▶ _Records for the task_:
=== Begin Enclosure ===
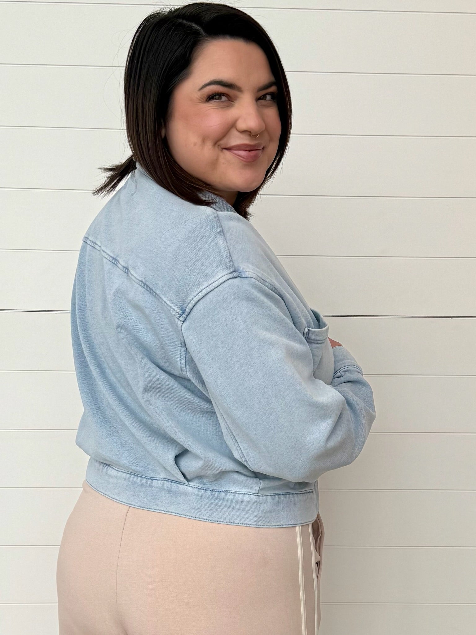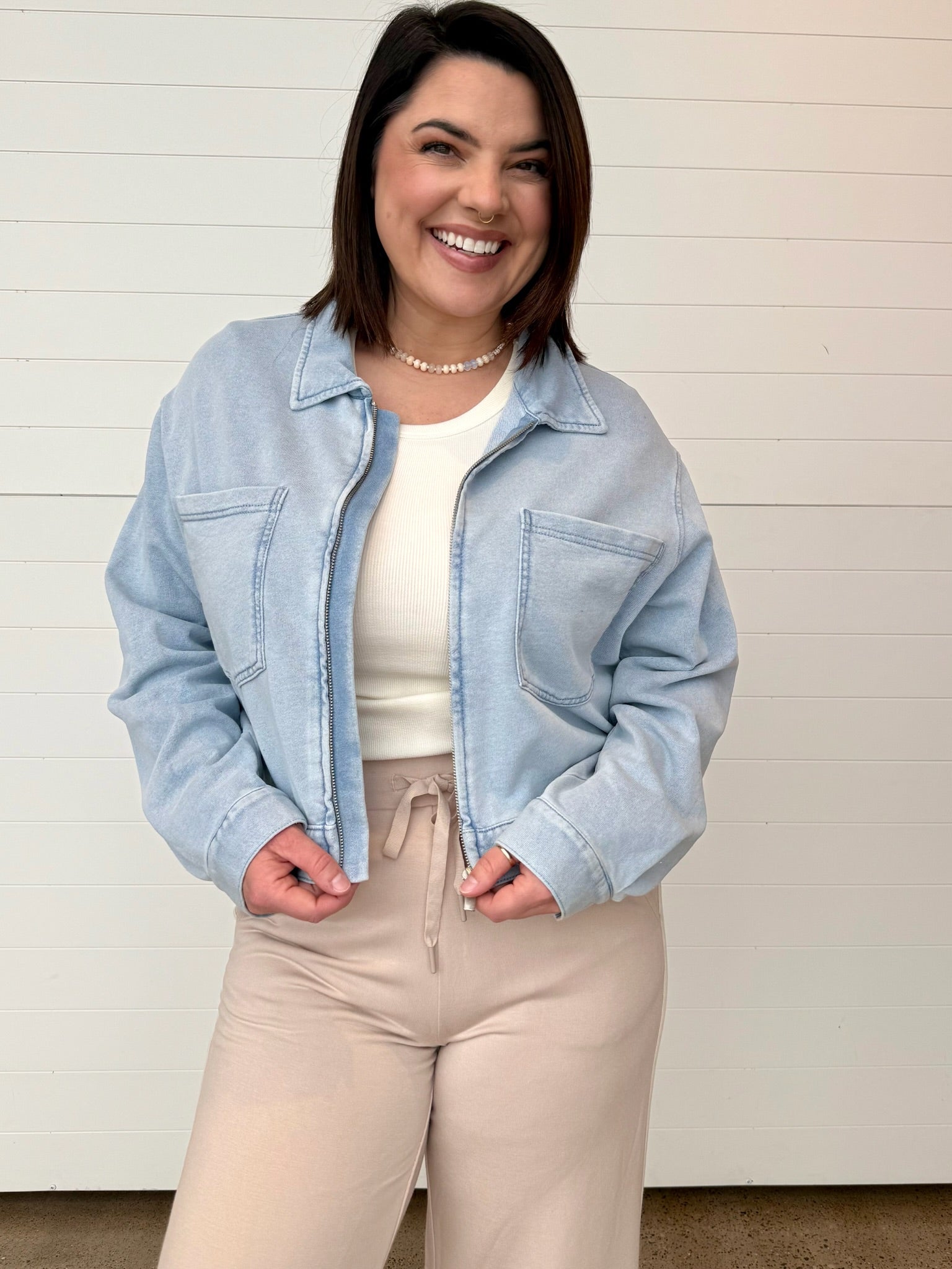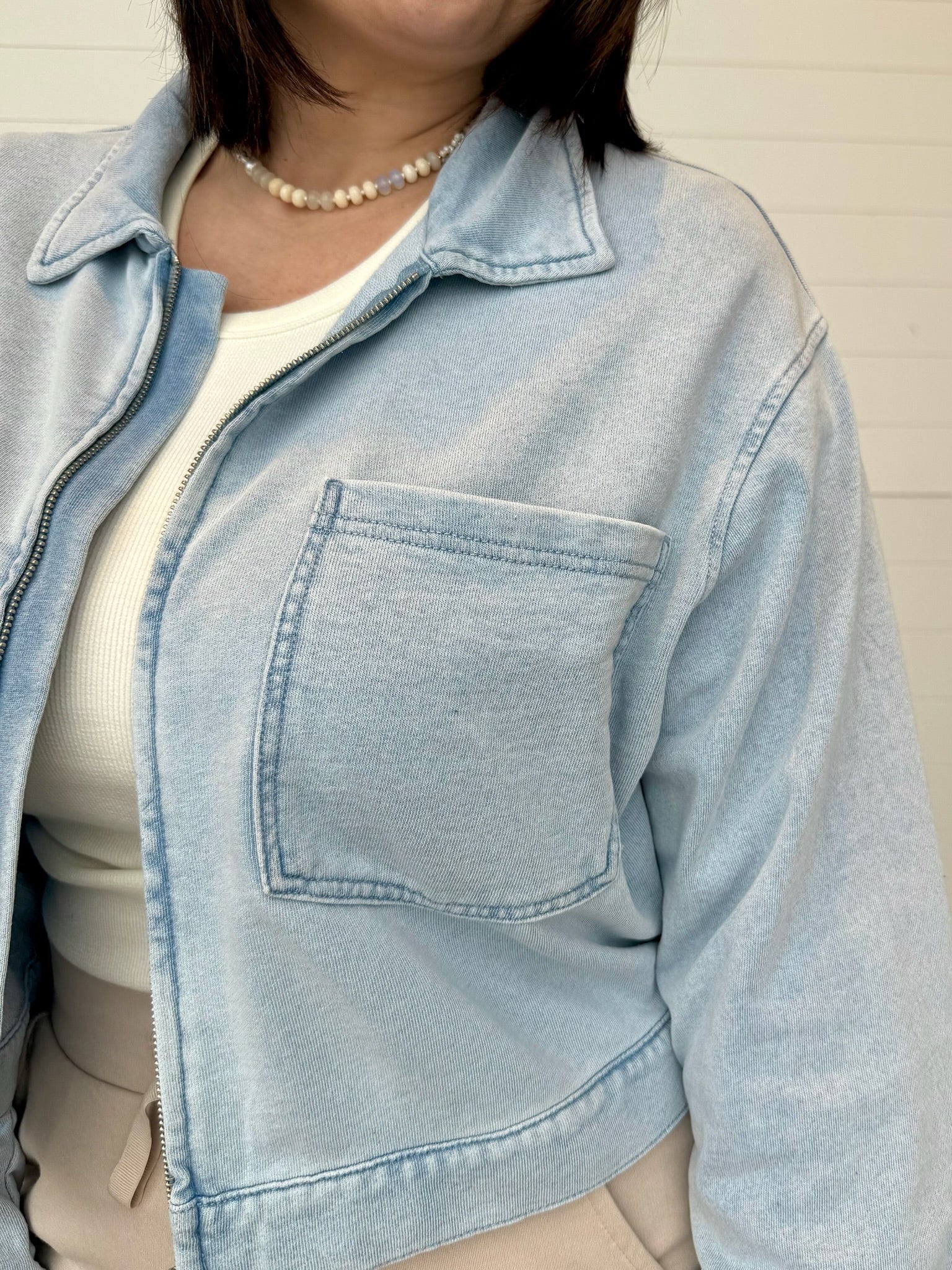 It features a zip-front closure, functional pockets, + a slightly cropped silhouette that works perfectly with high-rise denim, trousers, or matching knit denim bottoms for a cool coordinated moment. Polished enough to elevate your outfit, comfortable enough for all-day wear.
=== End Enclosure ===
=== Begin Enclosure ===
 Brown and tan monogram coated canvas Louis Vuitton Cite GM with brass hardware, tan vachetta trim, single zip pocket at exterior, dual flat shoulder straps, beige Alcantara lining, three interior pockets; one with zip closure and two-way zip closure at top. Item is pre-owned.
=== End Enclosure ===
=== Begin Enclosure ===
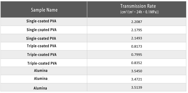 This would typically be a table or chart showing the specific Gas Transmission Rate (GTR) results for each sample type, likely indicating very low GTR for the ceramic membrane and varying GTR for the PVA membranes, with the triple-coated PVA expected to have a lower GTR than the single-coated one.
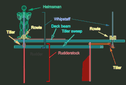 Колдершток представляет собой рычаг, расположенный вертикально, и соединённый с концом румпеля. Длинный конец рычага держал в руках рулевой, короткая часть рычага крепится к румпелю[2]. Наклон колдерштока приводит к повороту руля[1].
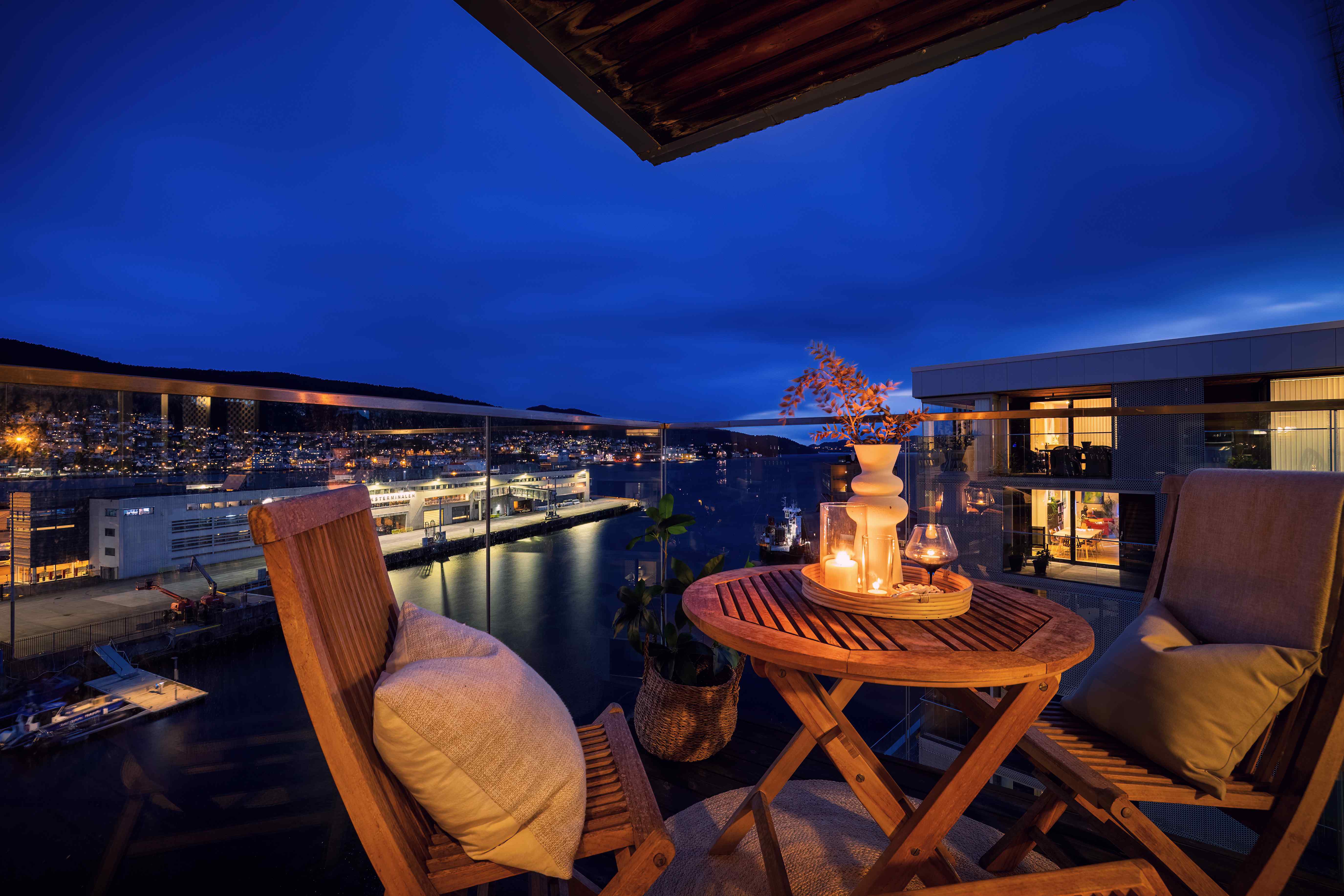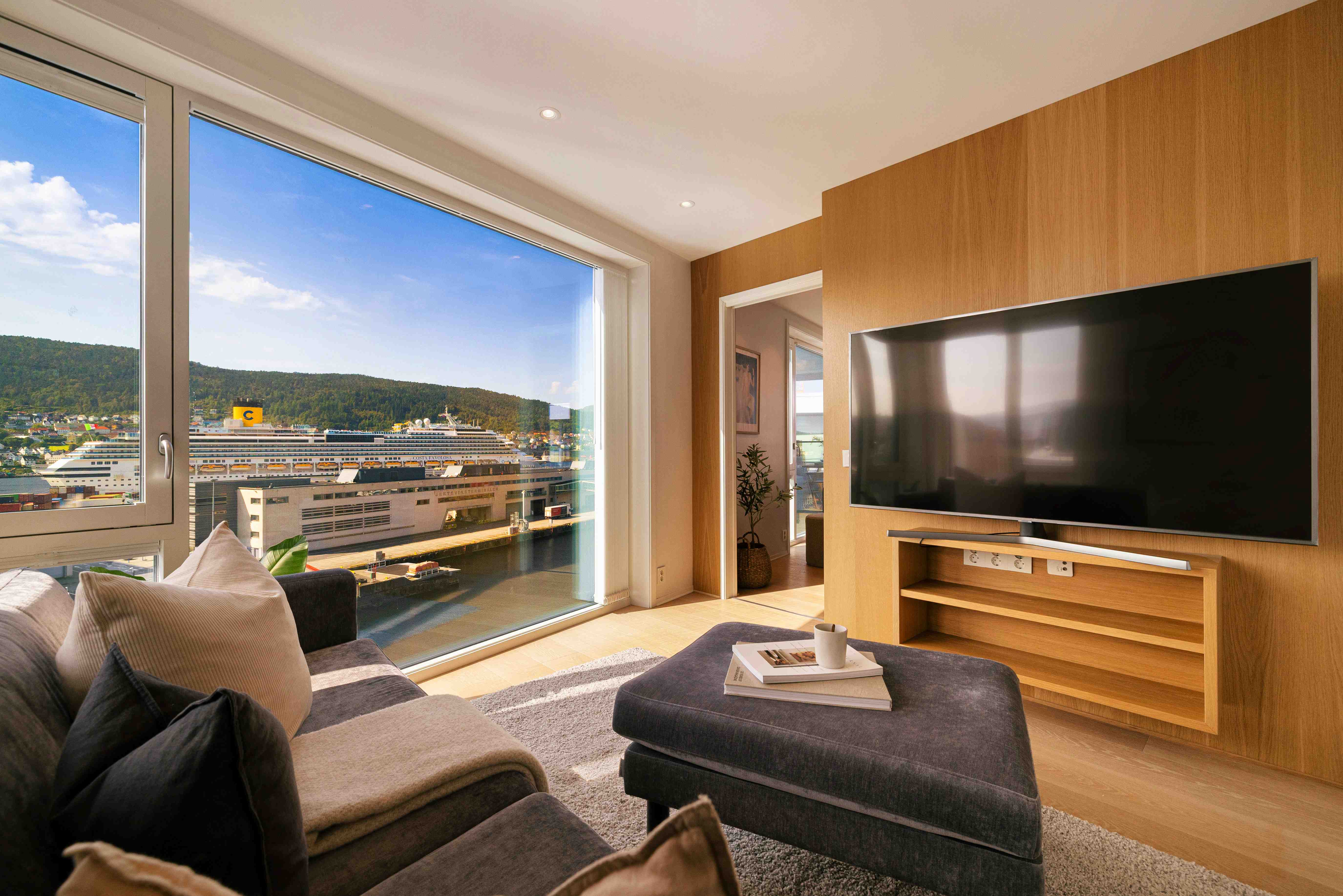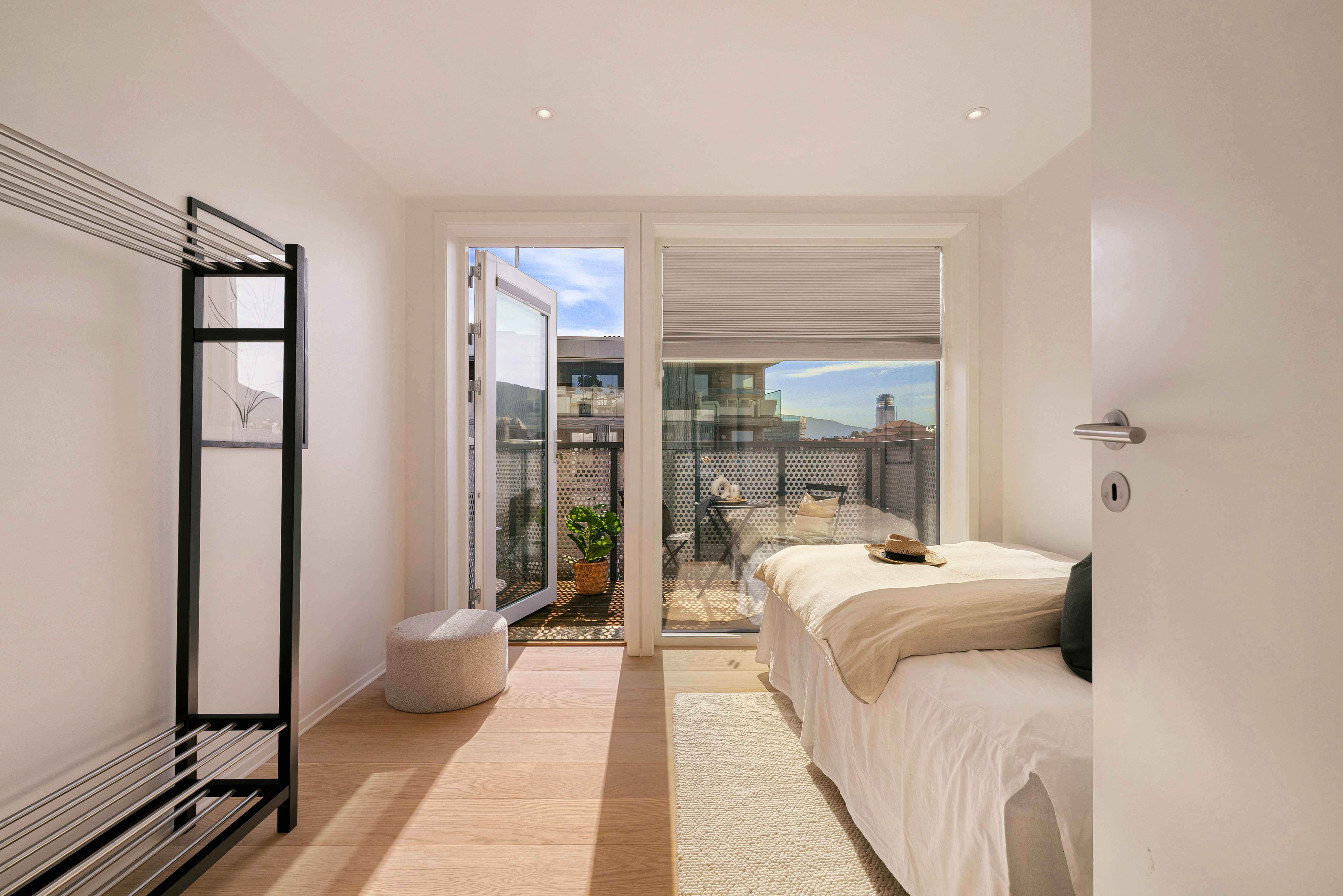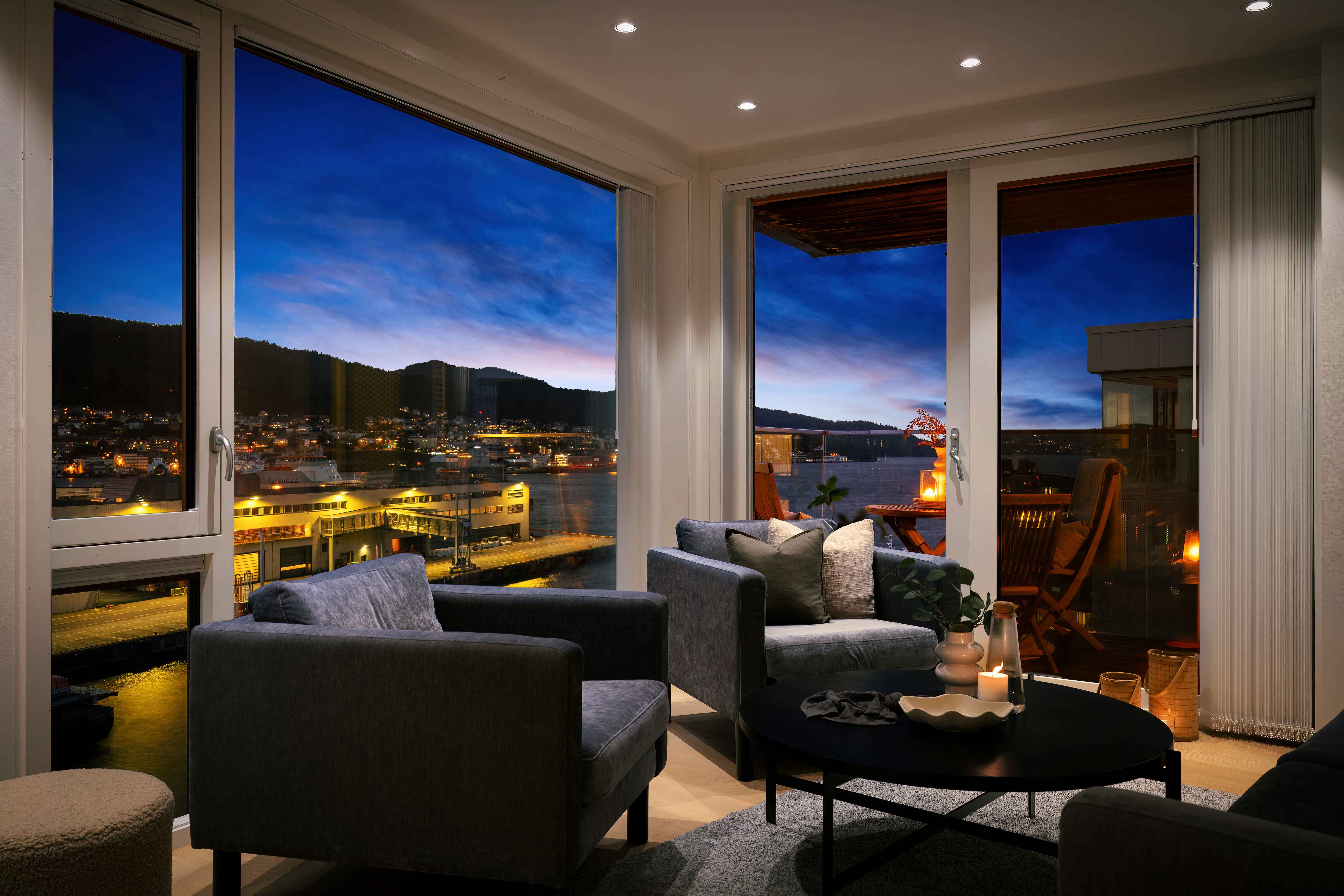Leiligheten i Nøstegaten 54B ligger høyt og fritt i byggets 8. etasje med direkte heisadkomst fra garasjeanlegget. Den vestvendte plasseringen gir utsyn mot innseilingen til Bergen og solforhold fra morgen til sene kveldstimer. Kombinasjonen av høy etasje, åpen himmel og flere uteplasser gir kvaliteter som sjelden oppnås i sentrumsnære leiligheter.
=== End Enclosure ===
▶ _Activity_: How would the lines above read from the one with "This would typically" to the one with "Leiligheten i Nøstegaten", inclusive, with no pictures? Write them out exactly.

▶ _Output for this task_:
 This would typically be a table or chart showing the specific Gas Transmission Rate (GTR) results for each sample type, likely indicating very low GTR for the ceramic membrane and varying GTR for the PVA membranes, with the triple-coated PVA expected to have a lower GTR than the single-coated one.
 Колдершток представляет собой рычаг, расположенный вертикально, и соединённый с концом румпеля. Длинный конец рычага держал в руках рулевой, короткая часть рычага крепится к румпелю[2]. Наклон колдерштока приводит к повороту руля[1].
Leiligheten i Nøstegaten 54B ligger høyt og fritt i byggets 8. etasje med direkte heisadkomst fra garasjeanlegget. Den vestvendte plasseringen gir utsyn mot innseilingen til Bergen og solforhold fra morgen til sene kveldstimer. Kombinasjonen av høy etasje, åpen himmel og flere uteplasser gir kvaliteter som sjelden oppnås i sentrumsnære leiligheter.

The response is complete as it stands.